Removing restrictions on U.S. crude oil exports won’t drive up domestic prices for petroleum products, according to an analysis issued Tuesday by the U.S. Energy Information Administration (EIA).

Industry sources quickly seized on the study as further support for Congress to lift decades-old restrictions on crude exports, calling them outdated and anti-competitive in the global markets.

“Petroleum product prices in the United States, including gasoline prices, would be either unchanged or slightly reduced by the removal of current restrictions on crude oil exports,” EIA researchers concluded.

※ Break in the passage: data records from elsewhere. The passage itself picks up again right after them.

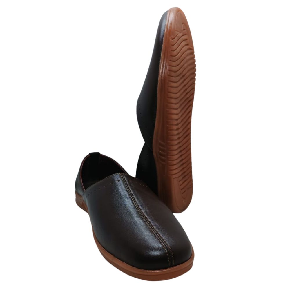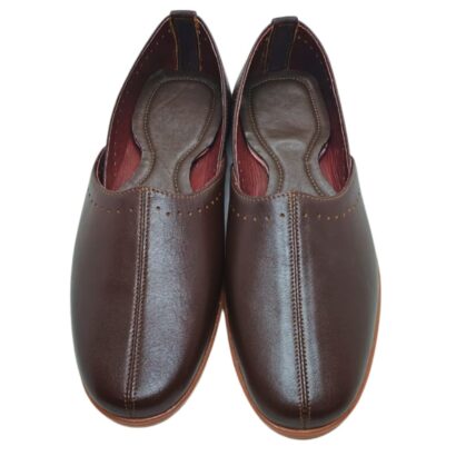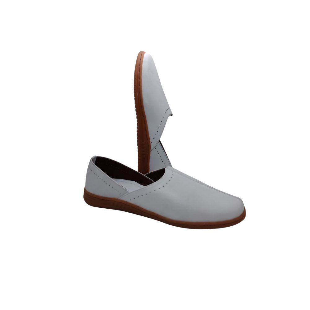 Step into elegance and comfort with our Premium Genuine Leather Ladies Slip-On Nagra Shoes. Designed with a minimalist silhouette and fine stitch detailing, these shoes offer a perfect blend of traditional charm and modern simplicity. Crafted from high-quality genuine leather, they provide a soft, smooth finish that enhances durability while maintaining a refined look.
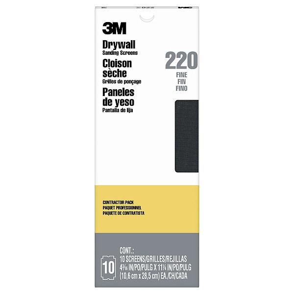 Sanding Sheet, Abrasive Type Coated, Abrasive Material Silicon Carbide, Backing Material Screen, Backing Weight Not Applicable, Coating Coverage Open, Grit 220, Series Drywall Sanding Screens, Overall Length 11 1/4 in, Overall Width 4 3/16 in, Resistance Properties Water, Attachment Type Not Applicable, Package Quantity 10
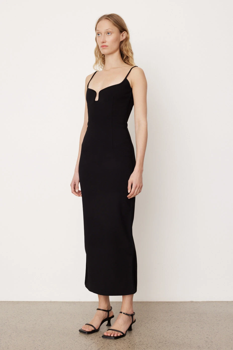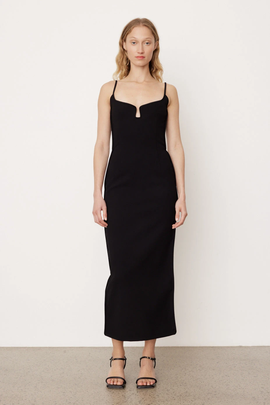 Launched in 2015, New Zealand-based label Paris Georgia brings a unique combination of clean lines, luxurious fabrics, and subtle hues to its offerings of timeless ready-to-wear pieces celebrating the beauty of the female form. Made from recycled polyester, the Marlo Dress is a slim-fitting silhouette that’s framed with a dipped neckline. It’s complemented with contrast stitching for a modern look.
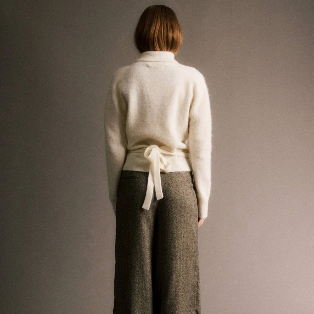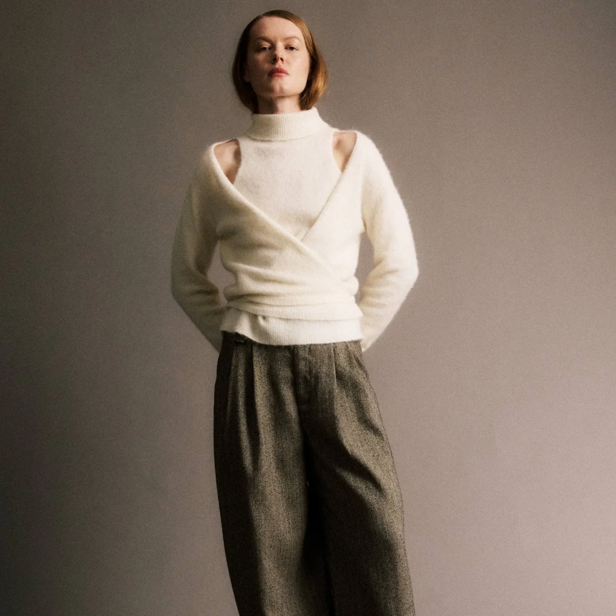 Pull col cheminée en laine et alpaga crèmeCe pull conjugue chaleur et modernité grâce à son mélange de laine et d’alpaga, doux et raffiné. Col cheminée revisité avec un col V croisé pour une allure originale et féminine Découpes style débardeur qui apportent une touche graphique et contemporaine Teinte crème intemporelle, facile à associer et […]
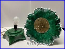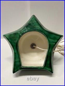 The ceramic star base has one small chip on the underside of one tip - not noticeable when in use. The original wiring and cord is included - the wiring at the bottom of the black lightbulb socket may need to be redone (see photos). No light bulb is included but any LED light bulb will work fine. I will include the plastic multi-colored medium swirl lights/bulbs and the star topper removed inside a baggie.
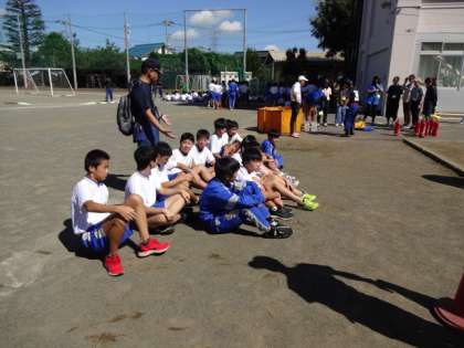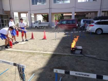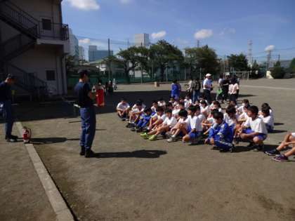 2年生。放水訓練、初期消火訓練、バケツリレー、簡易トイレ設置訓練を学びました。
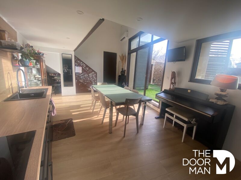 Une entrée élégante, soulignée par une porte en fer forgé, ouvre sur une vaste cuisine de 27 m², entièrement aménagée et équipée.
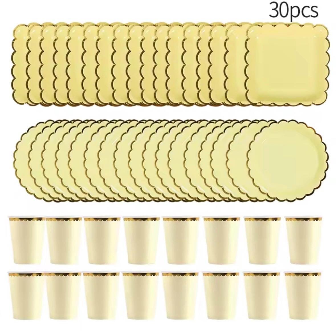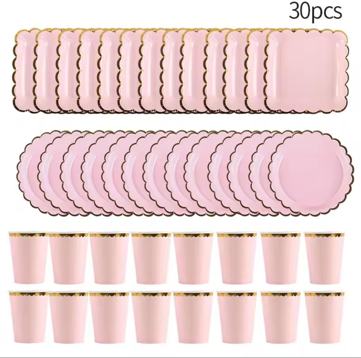 30pc Scalloped Edge Paper Party Tableware Set – Plates & Cups – Pastel Colours
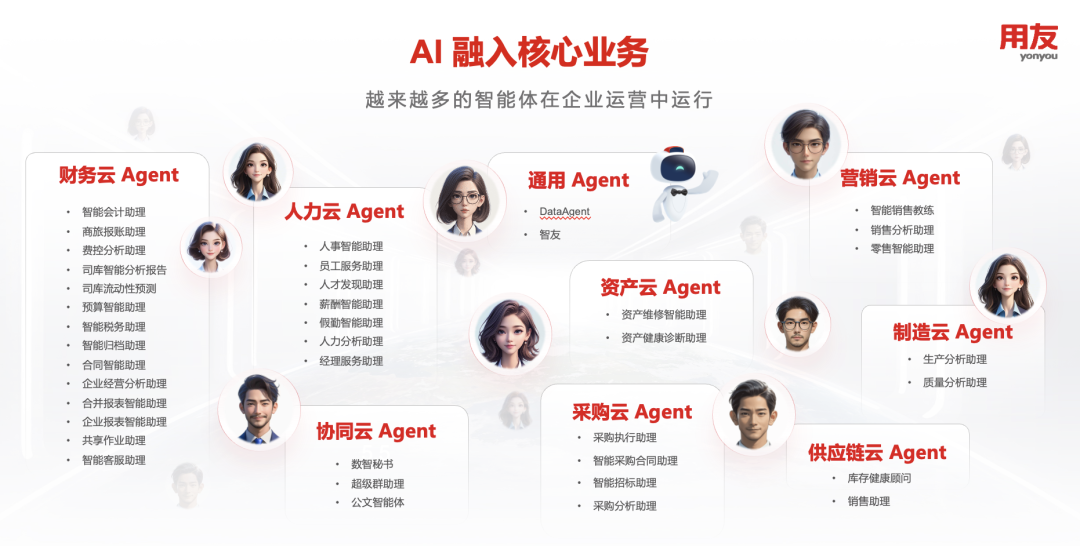 除了通用智能体之外,用友BIP还将AI与业务场景深度融合,在财务、人力、供应链、采购、制造、营销、研发、项目、资产、协同十大领域中融入40多个智能体,包括:财务领域的智能会计助理、商旅报账助理、共享作业助理、智能税务助理、司库智能分析、企业经营分析助理等;人力领域的人事智能助理、员工服务助理、人才发现助理、薪酬智能助理、人力分析助理等;覆盖整个供应链条的智能销售教练、零售智能助理、库存健康顾问、采购智能助理、生产计划助理、质量分析助理、资产维修智能助理等;以及协同领域的数智秘书、超级群助理等。
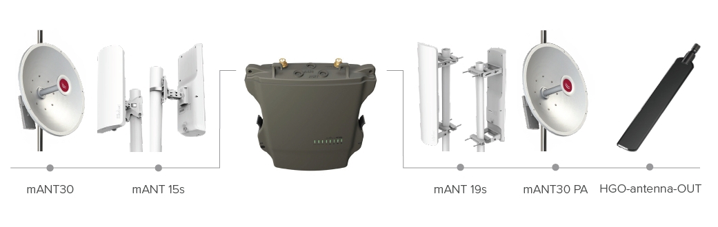 Volbou pro nižší rádius pokrytí může být duální anténa HGO-antenna-OUT

Global crude prices would not be impacted by U.S. supplies with or without a lifting of the current export restrictions, according to EIA. “Other factors affecting global supply and demand will largely determine whether global crude prices remain close to their current level.”

Among four scenarios used in the analysis, EIA found “no difference between projections with and without current export restrictions in two analysis cases in which production stays down below 10.6 million b/d, but in scenarios with higher domestic production (11.7-13.6 million b/d) and no export restrictions gasoline prices fall.”

U.S. crude exports aren’t banned but they currently face restrictions.

“Current policies restrict, but do not ban, crude oil exports, and they are also assumed to allow exports of API (American Petroleum Institute) 50+ material that is processed through a distillation tower,” EIA noted.

API officials in Washington, DC, called the EIA analysis “a final, nonpartisan confirmation” that 1970s-era trade restrictions are bad for American consumers. “America is now a global energy superpower, and we should not have trade policies that make it harder for the United States to compete,” said a spokesperson.

API noted that “strong, bipartisan” legislation is being considered in both houses of Congress, and elected officials need to make the issue of exports “an immediate priority” when they return to work after Labor Day.